TASK ITEM
A faithful copy is needed of the lines below from the one with "In der Sitzung" up to and including the one with "Mistakes happen, and"; set it down with no pictures and no other lines.

EXERCISE DATA
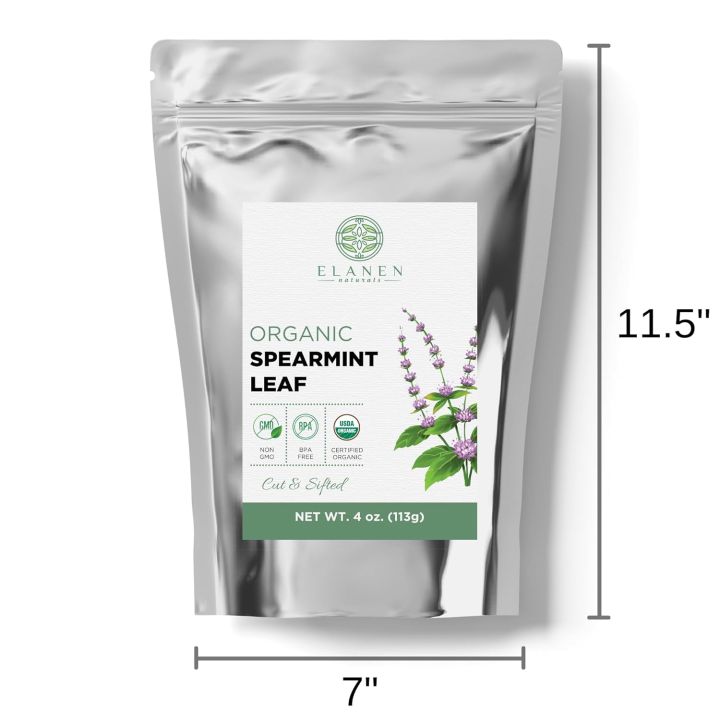Organic Spearmint Leaves 100 grams, USDA Certified Organic Spearmint Tea Dried Loose Leaf, Dry Mint, Cut & Sifted
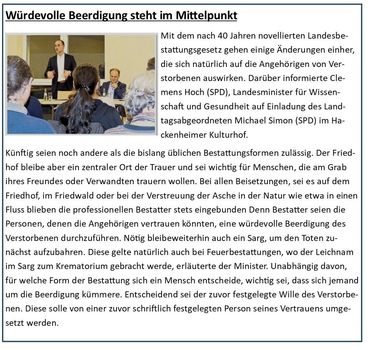 In der Sitzung des Friedhofsausschusses am 22. März wurden von einem Planer die Möglichkeiten für eine Gestaltung zumindest eines Teils unseres Friedhofs vorgestellt. Darüber, über weitere Bestattungsmöglichkeiten und einen Gesamtplan für das Friedhofsgelände soll im Ausschuss zusammen mit interessierten Windesheimerinnen und Windesheimern in der nächsten Sitzung gesprochen werden. Termin ist der 11. April um 16 Uhr auf dem Friedhof.
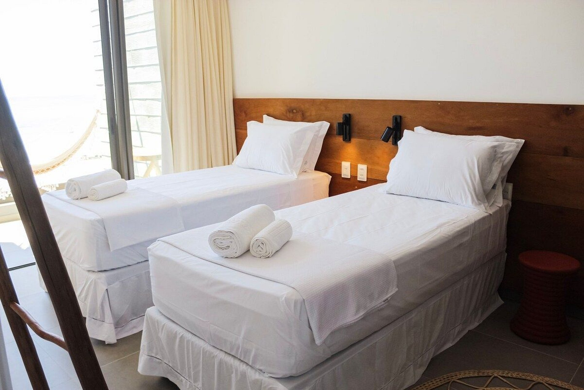 São 3 suítes, todos com ar condicionado e TV Smart, acomodando até 9 pessoas. A cozinha é equipada com tudo que precisarão para sua estadia, logo ao lado da sala com TV smart e sofá. A churrasqueira elétrica e a cervejeira ficam na varanda, com uma vista belíssima para piscina e para praia de marceneiro.
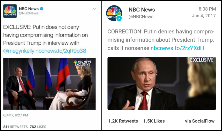 Mistakes happen, and everyone is fallible. But NBC News’ official Twitter account did the network no favors this week when it bungled a note regarding Megyn Kelly’s recent interview with Russian President Vladimir Putin.
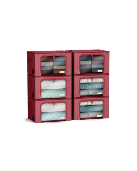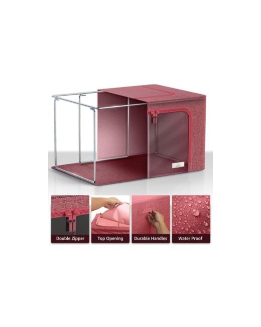 Women's Pink Medium Foldable Storage Box Metal Frame Oxford Fabric Large Window Handles Organization for Bedroom Linens Clothes
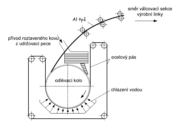 Po výstupu z odlévacího kola je Al profil očištěn a případné výběhy u hran jsou odstraněny než vstoupí do válcovací sekce výrobní linky. Po jejím průběhu je výsledný produkt, kruhový drát, ochlazen a navíjen do těsných nebo volných svitků.
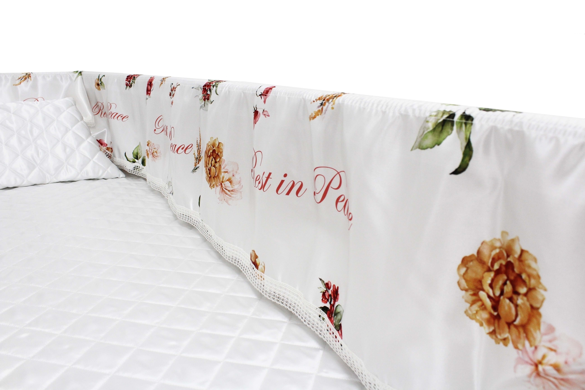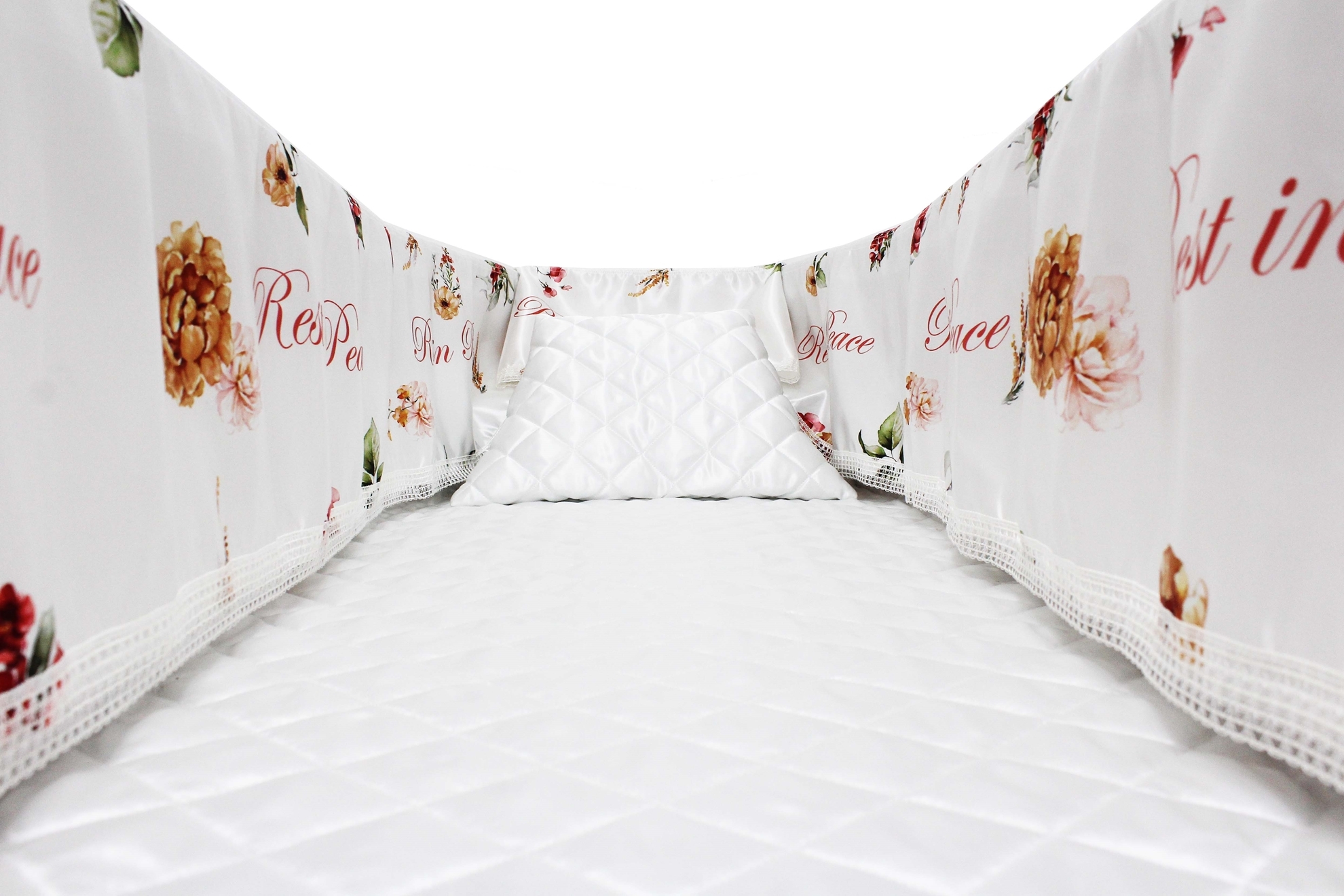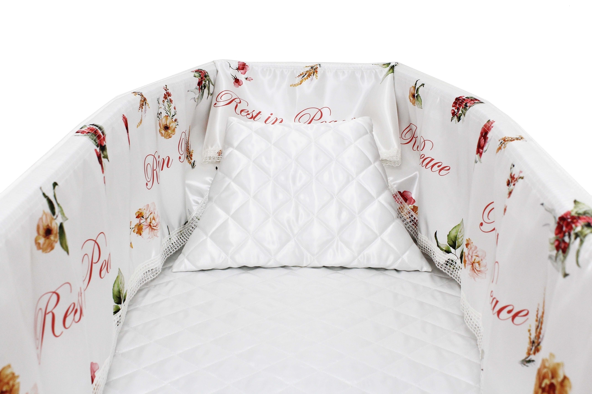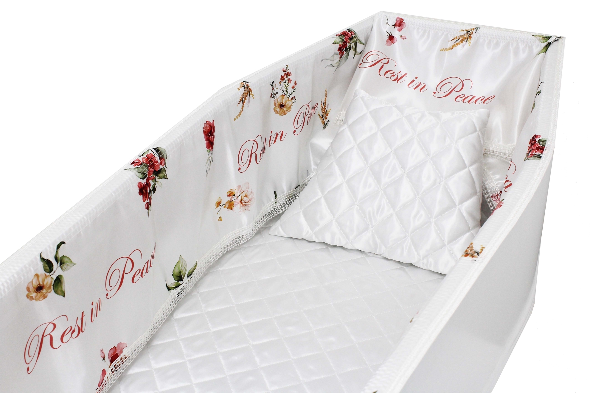12-inch Printed Satin frill to be attached to the lip of the coffin/casket. Please note the image shows a mattress and pillow which are NOT included.

SOLUTION FOR THIS TASK
 In der Sitzung des Friedhofsausschusses am 22. März wurden von einem Planer die Möglichkeiten für eine Gestaltung zumindest eines Teils unseres Friedhofs vorgestellt. Darüber, über weitere Bestattungsmöglichkeiten und einen Gesamtplan für das Friedhofsgelände soll im Ausschuss zusammen mit interessierten Windesheimerinnen und Windesheimern in der nächsten Sitzung gesprochen werden. Termin ist der 11. April um 16 Uhr auf dem Friedhof.
 São 3 suítes, todos com ar condicionado e TV Smart, acomodando até 9 pessoas. A cozinha é equipada com tudo que precisarão para sua estadia, logo ao lado da sala com TV smart e sofá. A churrasqueira elétrica e a cervejeira ficam na varanda, com uma vista belíssima para piscina e para praia de marceneiro.
 Mistakes happen, and everyone is fallible. But NBC News’ official Twitter account did the network no favors this week when it bungled a note regarding Megyn Kelly’s recent interview with Russian President Vladimir Putin.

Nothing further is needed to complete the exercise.